The important observations from the first part of the Results section, are: From Figures 1 we see that in the pre-lockdown stage, the ratio increased with time *t*. By 28th March the undetected cases were at least 60000 for an IFR of 0.41%. However, once the lockdown started, the ratio became almost constant over time. This slowing down effect on the rise in the undetected cases may be assumed to be the immediate effect of lockdown. From second week of the lockdown (29th March), the ratio is noted to be decreasing with time. This leads to a further decrease in the number of undetected cases. This further decrease may be attributed to the additional effects of increased testing and active hotspot containment during the lockdown period. Thus, it seems from the data, that lockdown and increase in testing have lowered or slowed down the rate of rise in the number of undetected cases.
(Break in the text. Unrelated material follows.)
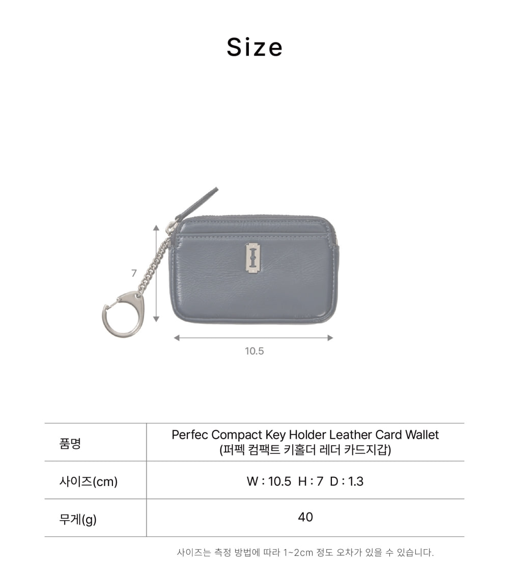 한 손에 들어오는 컴팩트한 사이즈의 지퍼 카드지갑앞/뒤 카드 포켓과 통수납 스펙으로 수납력 우수키링이 달려있어 휴대성이 용이함(내부) 지퍼 통수납칸 1 / (외부) 카드칸 2

Recently, however the decrease in this ratio seems to have saturated indicating that the current containment measures have reached their limits. From Figures 1a and 1b, we expect this ratio to hold constant or decrease only marginally until the end of the lockdown period. In addition, one should also note carefully the increasing *A _{t}/I_{t}* ratios prior to lockdown and consider the possible effect of increasing undetected cases, once the current intervention measures are relaxed. From the model fit and prediction in second step of the Results section, we note a fall in the increase in undetected cases and a simultaneous increase in detection of infections. At the end of the lockdown, we note that 42703 - 43214 infections will be detected while the undetected cases will vary between 2.3 - 6.4 lakhs, given the two IFR values. Thus, it seems lockdown and increased testing have been effective measures in reducing the rise in infections from COVID-19 in India. However, as a word of caution, we would like to add that though the rate of increase of undetected cases seems to have slowed down with the interventions, at the end of lockdown we will still have 2.8 - 6.8 lakhs total existing infections to combat.

We would also like to point out that the linear fit to the model coefficients (*β _{t}* and

*γ*) are valid only in the short term, and the proposed infection model should not be used for long term predictions.

_{t}We understand that ignoring the susceptible population dynamics, limits the forecasting capabilities of the proposed model. However, we believe that this is a reasonable assumption in the short to medium term when the susceptible population remains very high and the recovered population is negligible. As reported above, we see a dampening in the exponentially increasing infection figures over differing time periods (during and up to the end of the formal lockdown period). We believe that this decrease in the infection rate is due to intervention measures and gradual buildup of awareness in the general population rather than development of herd immunity or recovery dynamics. As an extension of this work, we plan to use our model for predicting state-wise total infections.